* _Task prompt_
All that is needed is the line containing "北京時間6月16日凌晨2:3" and the lines after it to the end of the material, written out exactly, pictures left aside.

* _Task input_
━━━━

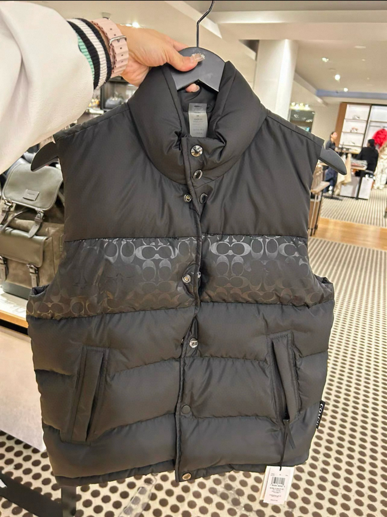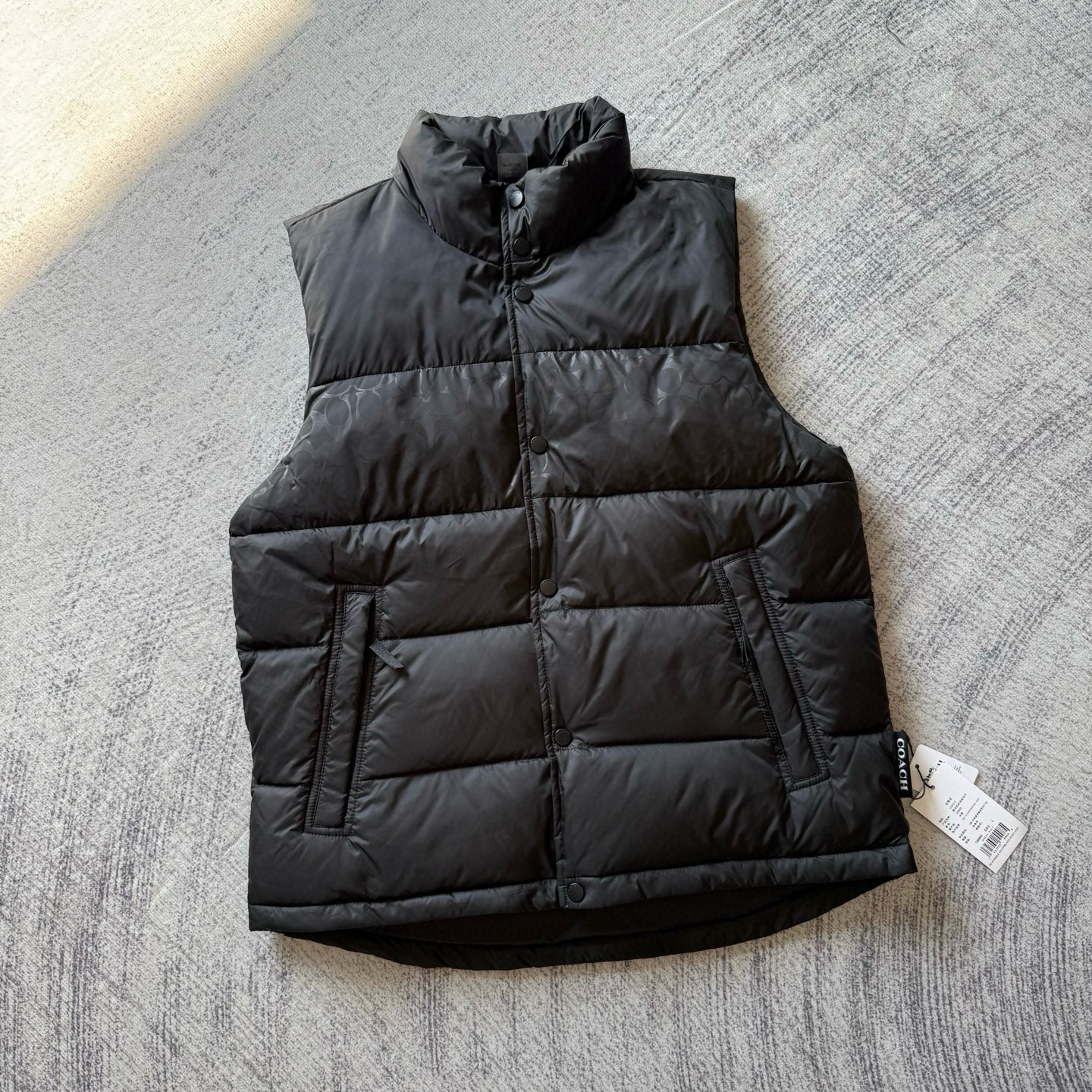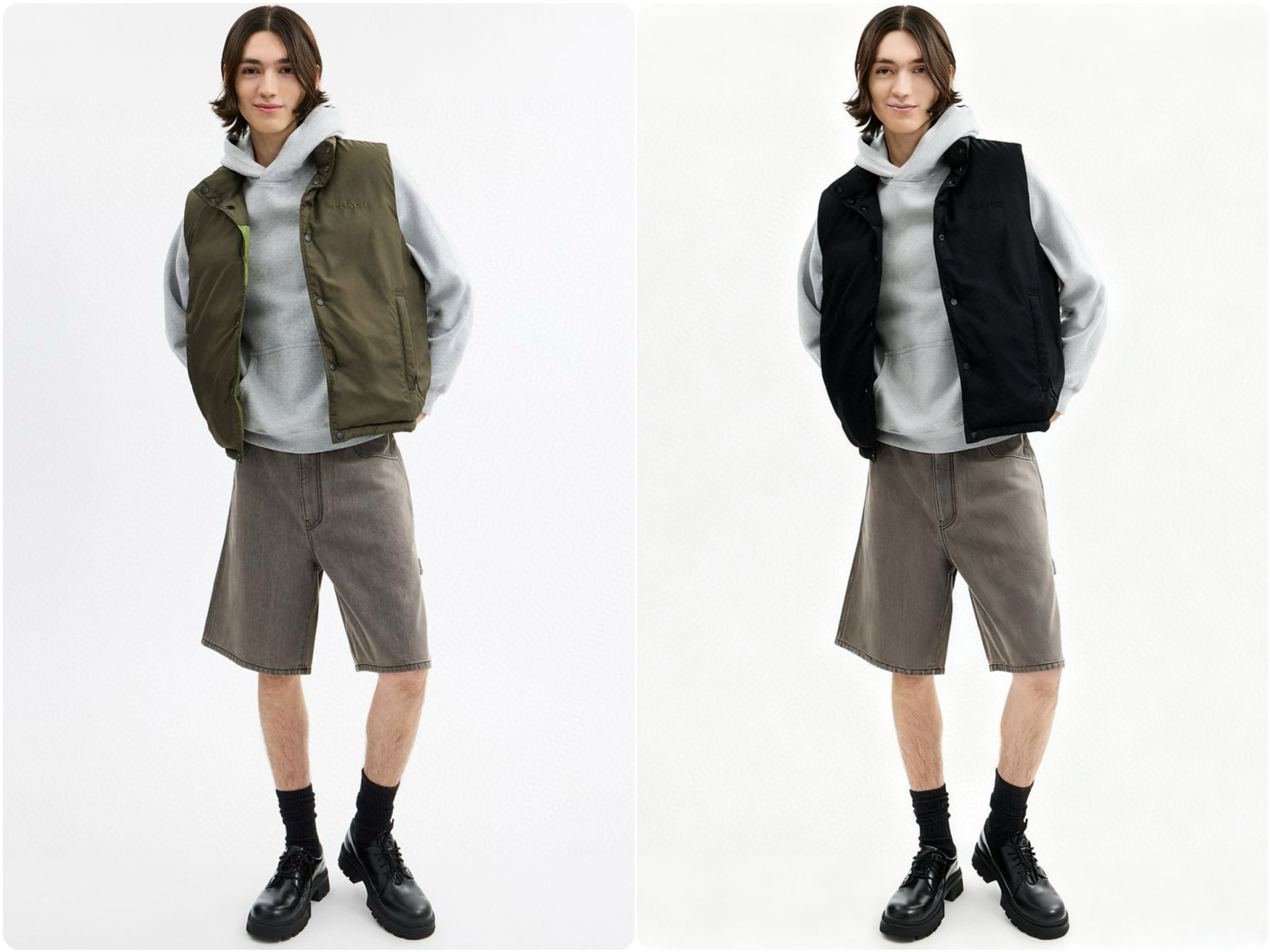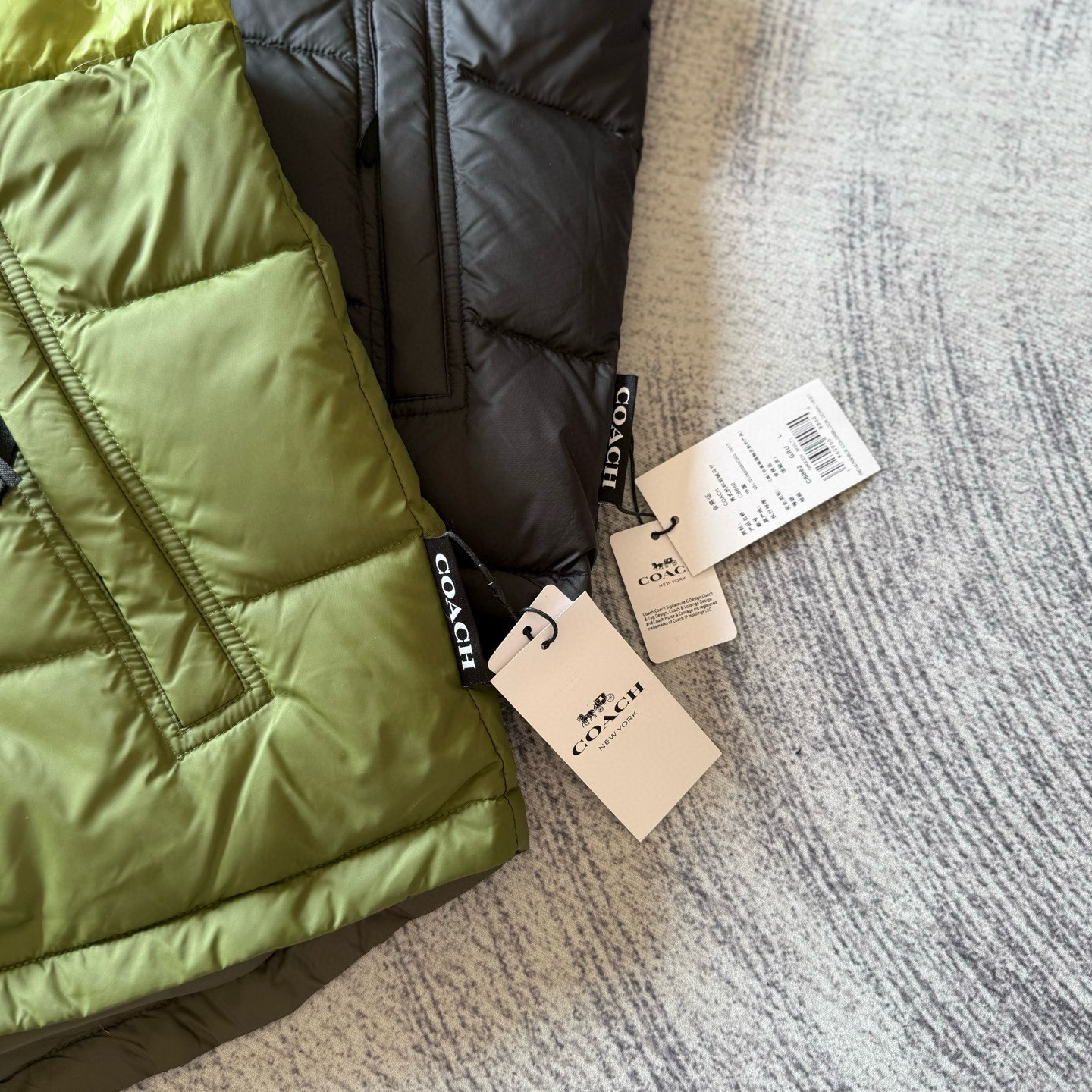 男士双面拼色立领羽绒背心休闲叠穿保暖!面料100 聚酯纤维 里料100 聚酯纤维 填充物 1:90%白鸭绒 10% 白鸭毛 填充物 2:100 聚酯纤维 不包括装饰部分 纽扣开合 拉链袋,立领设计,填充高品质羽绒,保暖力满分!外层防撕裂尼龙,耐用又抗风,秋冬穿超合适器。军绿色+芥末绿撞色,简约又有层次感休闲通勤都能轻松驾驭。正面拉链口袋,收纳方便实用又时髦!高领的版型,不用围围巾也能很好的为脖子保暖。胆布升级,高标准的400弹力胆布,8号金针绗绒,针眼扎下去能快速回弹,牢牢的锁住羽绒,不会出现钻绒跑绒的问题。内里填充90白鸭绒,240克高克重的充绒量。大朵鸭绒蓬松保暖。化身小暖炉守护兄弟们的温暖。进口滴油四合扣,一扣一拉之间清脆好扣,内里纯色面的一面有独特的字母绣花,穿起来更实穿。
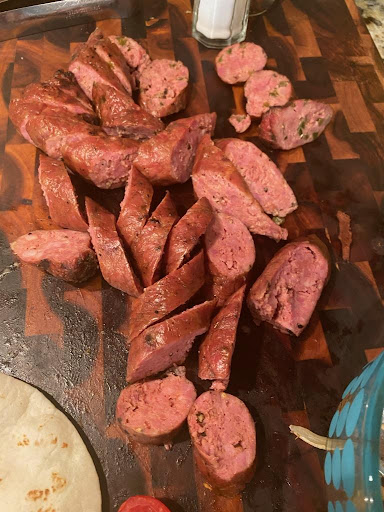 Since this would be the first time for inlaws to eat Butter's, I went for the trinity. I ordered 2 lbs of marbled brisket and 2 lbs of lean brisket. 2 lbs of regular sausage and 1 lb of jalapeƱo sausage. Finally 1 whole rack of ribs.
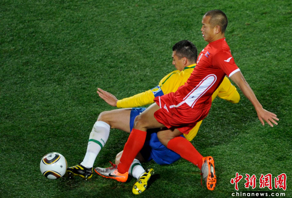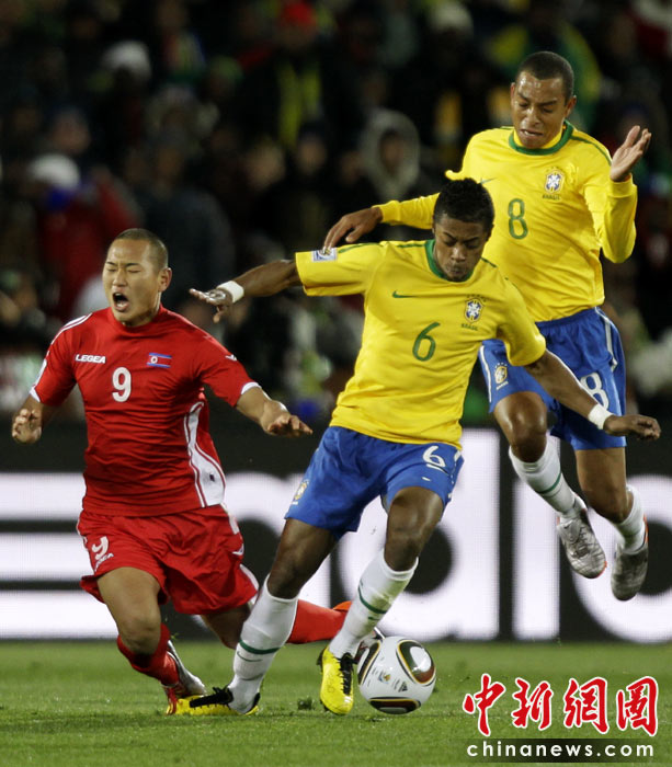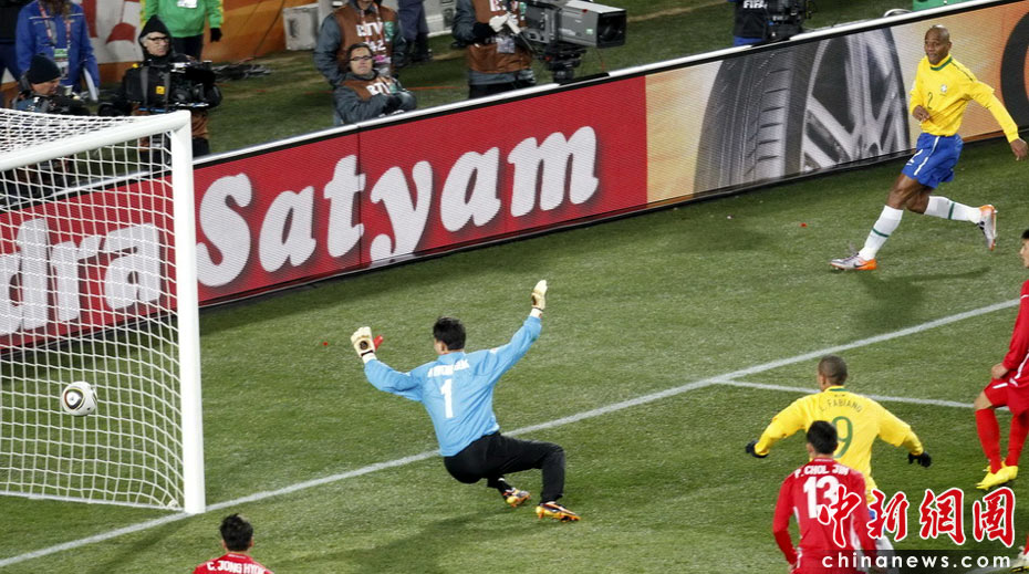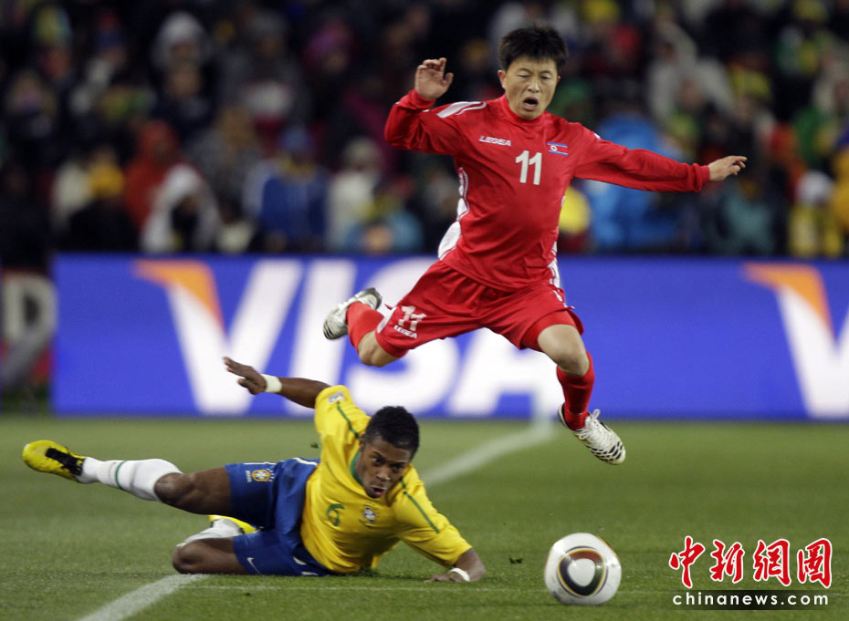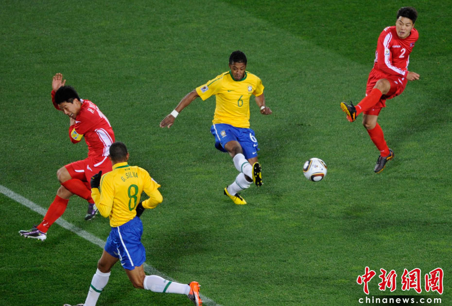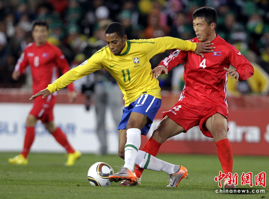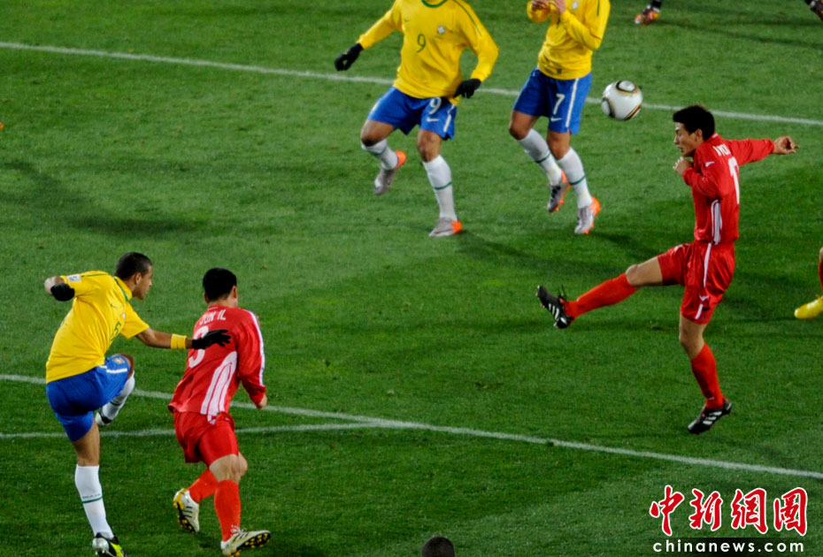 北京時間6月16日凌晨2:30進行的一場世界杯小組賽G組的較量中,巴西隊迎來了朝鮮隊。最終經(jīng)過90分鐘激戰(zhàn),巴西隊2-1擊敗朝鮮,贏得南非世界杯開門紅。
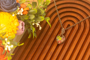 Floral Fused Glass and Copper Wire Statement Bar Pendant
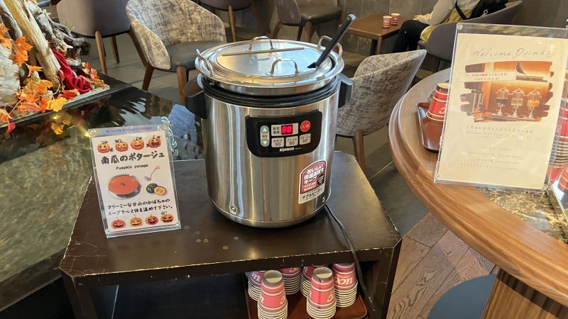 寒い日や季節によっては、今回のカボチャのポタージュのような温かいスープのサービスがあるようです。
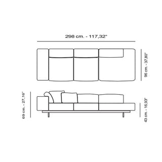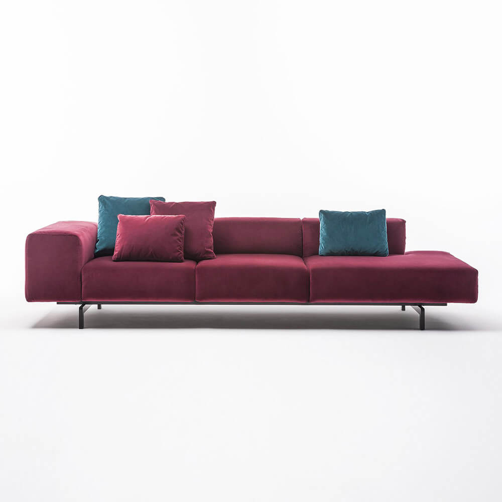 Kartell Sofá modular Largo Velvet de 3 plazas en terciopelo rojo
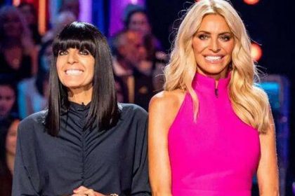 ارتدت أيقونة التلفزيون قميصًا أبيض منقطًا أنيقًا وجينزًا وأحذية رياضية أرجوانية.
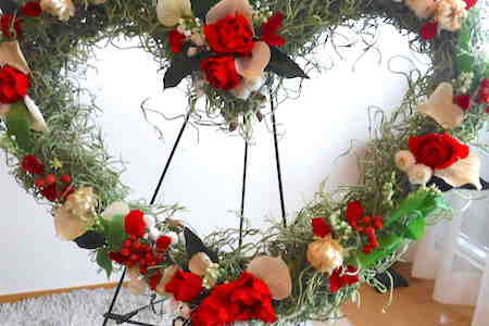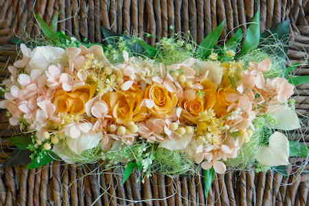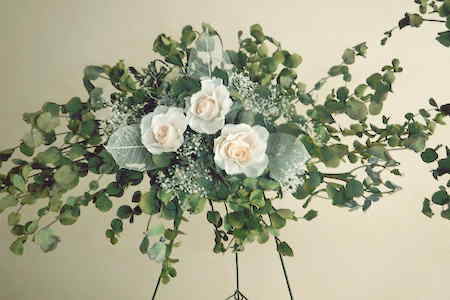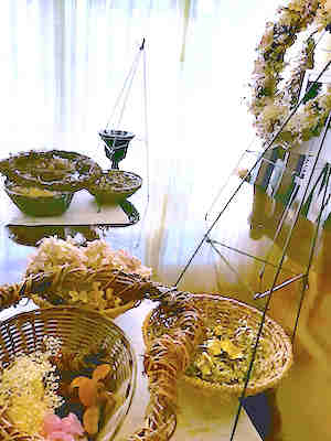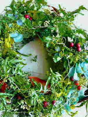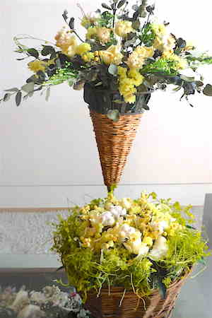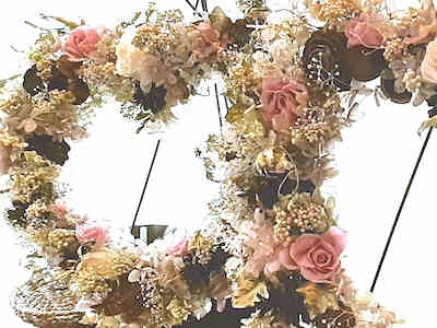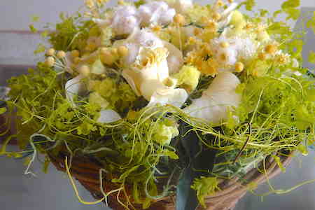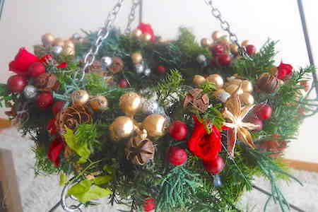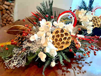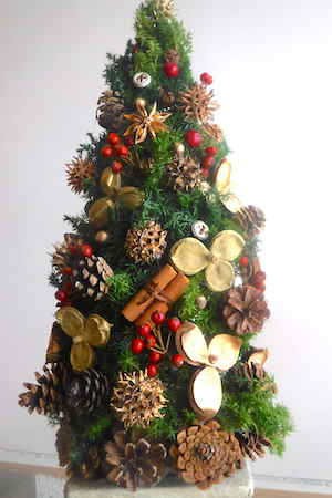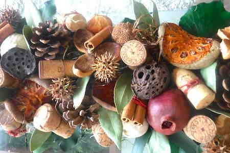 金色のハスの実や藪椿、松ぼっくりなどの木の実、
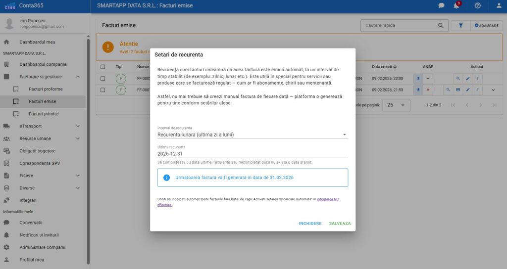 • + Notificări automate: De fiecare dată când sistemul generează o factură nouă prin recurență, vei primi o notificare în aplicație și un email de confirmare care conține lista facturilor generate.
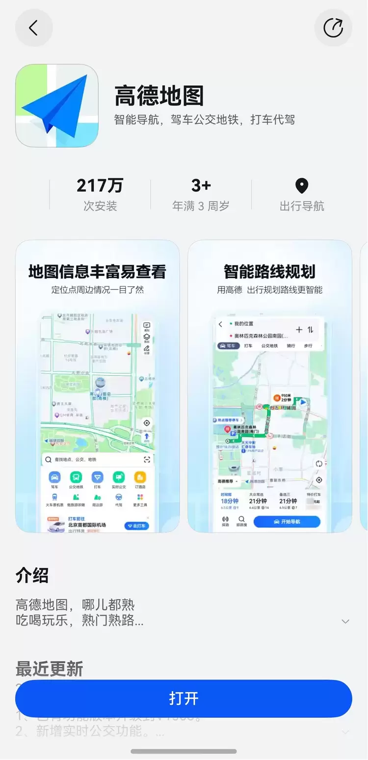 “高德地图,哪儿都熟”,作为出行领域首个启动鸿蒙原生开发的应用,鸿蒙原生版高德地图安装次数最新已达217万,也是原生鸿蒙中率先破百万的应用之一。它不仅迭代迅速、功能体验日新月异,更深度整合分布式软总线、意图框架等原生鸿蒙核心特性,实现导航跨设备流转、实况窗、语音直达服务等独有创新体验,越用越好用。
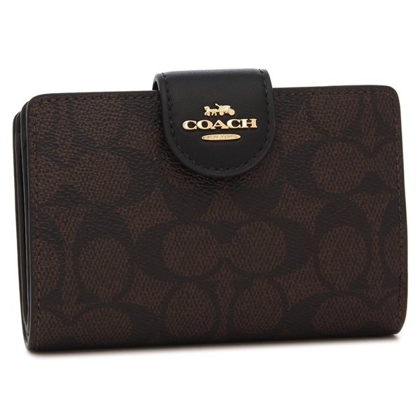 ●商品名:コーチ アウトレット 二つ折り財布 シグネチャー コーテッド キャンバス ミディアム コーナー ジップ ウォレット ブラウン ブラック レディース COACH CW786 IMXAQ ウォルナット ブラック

━━━━

* _Solution below_
 北京時間6月16日凌晨2:30進行的一場世界杯小組賽G組的較量中,巴西隊迎來了朝鮮隊。最終經(jīng)過90分鐘激戰(zhàn),巴西隊2-1擊敗朝鮮,贏得南非世界杯開門紅。
 Floral Fused Glass and Copper Wire Statement Bar Pendant
 寒い日や季節によっては、今回のカボチャのポタージュのような温かいスープのサービスがあるようです。
 Kartell Sofá modular Largo Velvet de 3 plazas en terciopelo rojo
 ارتدت أيقونة التلفزيون قميصًا أبيض منقطًا أنيقًا وجينزًا وأحذية رياضية أرجوانية.
 金色のハスの実や藪椿、松ぼっくりなどの木の実、
 • + Notificări automate: De fiecare dată când sistemul generează o factură nouă prin recurență, vei primi o notificare în aplicație și un email de confirmare care conține lista facturilor generate.
 “高德地图,哪儿都熟”,作为出行领域首个启动鸿蒙原生开发的应用,鸿蒙原生版高德地图安装次数最新已达217万,也是原生鸿蒙中率先破百万的应用之一。它不仅迭代迅速、功能体验日新月异,更深度整合分布式软总线、意图框架等原生鸿蒙核心特性,实现导航跨设备流转、实况窗、语音直达服务等独有创新体验,越用越好用。
 ●商品名:コーチ アウトレット 二つ折り財布 シグネチャー コーテッド キャンバス ミディアム コーナー ジップ ウォレット ブラウン ブラック レディース COACH CW786 IMXAQ ウォルナット ブラック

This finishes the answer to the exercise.